20 CFR 405.1010 ff.
Where a community hospital which was not accredited by the Joint Commission on Accreditation of Hospitals or the American Osteopathic Association, filed a request to establish eligibility to participate as a provider of services under the title XVIII health insurance program, and a survey of its facilities and personnel revealed it was not a "hospital" as defined in section 1861(e) of the Social Security Act because of failure to meet all the statutory requirements and was not in substantial compliance with all of the Conditions of Participation found necessary for the health and safety of individuals furnished services there as prescribed in Social Security Administration Regulations No. 5 (20 CFR 1010 ff.), held the community hospital is not entitled to certification as a provider of services under the Act and regulations promulgated thereunder.
X Community Hospital filed a Request to Establish Eligibility as a provider of services under section 1861(e) of the Social Security Act, as amended, and, as the result of a survey of its facilities and personnel, was advised that it did not meet the requirements for participation in the "Medicare" program of the Act and was not therefore entitled to certification as such.

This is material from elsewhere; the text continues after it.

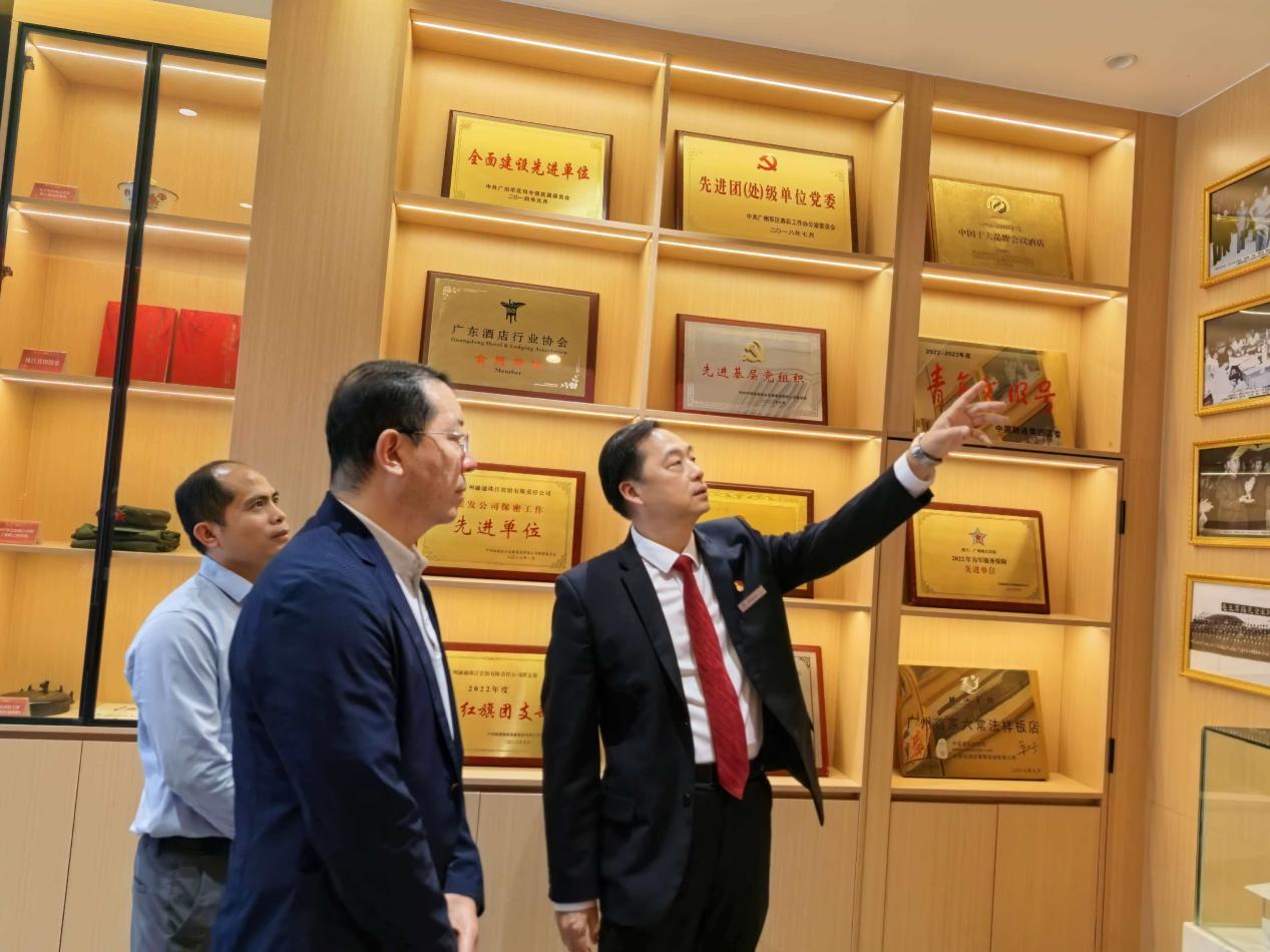 在bv伟德国际1946党委副书记陈少鸿、学工办主任杨烨瀚,管理学院团委书记王子龙等陪同下,吕峻闽副书记一行首先参观了珠江宾馆的红色文化阵地,深入了解珠江宾馆在传承红色基因、打造党建品牌方面的经验做法。宾馆浓厚的红色氛围、规范的党建阵地以及将党建工作融入经营管理的创新实践,给来访人员留下了深刻印象。

As pertinent here, the term "provider of services" means a "hospital" which is defined in section 1861(e) of the Act as "an institution which
(1) is primarily engaged in providing, by or under the supervision of physicians, to inpatients (A) diagnostic services and therapeutic services for medial diagnosis, treatment, and care of injured, disabled, or sick persons or (B) rehabilitation services for the rehabilitation of injured, disabled, or sick persons:
(2) maintains clinical records on all patients;
(3) has bylaws in effect with respect to its staff of physicians;
(4) has a requirement that every patient must be under the care of a physician;
(5) provides 24-hour nursing service rendered or supervised by a registered professional nurse, and has a licensed practical nurse or registered professional nurse on duty at all times;
(6) has in effect a hospital utilization review plan which meets the requirements of subsection (k);
(7) in the case of an institution in any State in which State or applicable local law provides for the licensing of hospitals, (A) is licensed pursuant to such law or (B) is approved by the agency of such State or locality responsible for licensing hospitals, as meeting the standards established for such licensing; and
(8) meets such other requirements as the Secretary finds necessary in the interest of the health and safety of individuals who are furnished services in the institution, except that such other requirements may not be higher than the comparable requirements prescribed for the accreditation of hospitals by the Joint Commission on Accreditation of Hospitals (subject to the second sentence of section 1863).***
The statutory requirements for participation by a hospital provider in section 1861(e), supra, include eight specific conditions, the last of which authorizes the Secretary to establish by regulation such further conditions as may be necessary in the interest of health and safety. The Secretary has no authority or discretion to waive or permit less than complete compliance with any of these requirements; they are legislatively imposed, with no permissible latitude of application. They must be fully met by the applying institution. In addition, there must be substantial compliance with such other conditions as may be imposed by the Secretary for reasons of health and safety. The Secretary, by duly promulgated regulations, has amplified on the statutory conditions and has prescribed certain other necessary requirements for participating hospital providers. These are referred to as conditions of participation, and are set out in Subpart J, Regulations No. 5 of the Social Security Administration (20 CFR 405.1010, et set.).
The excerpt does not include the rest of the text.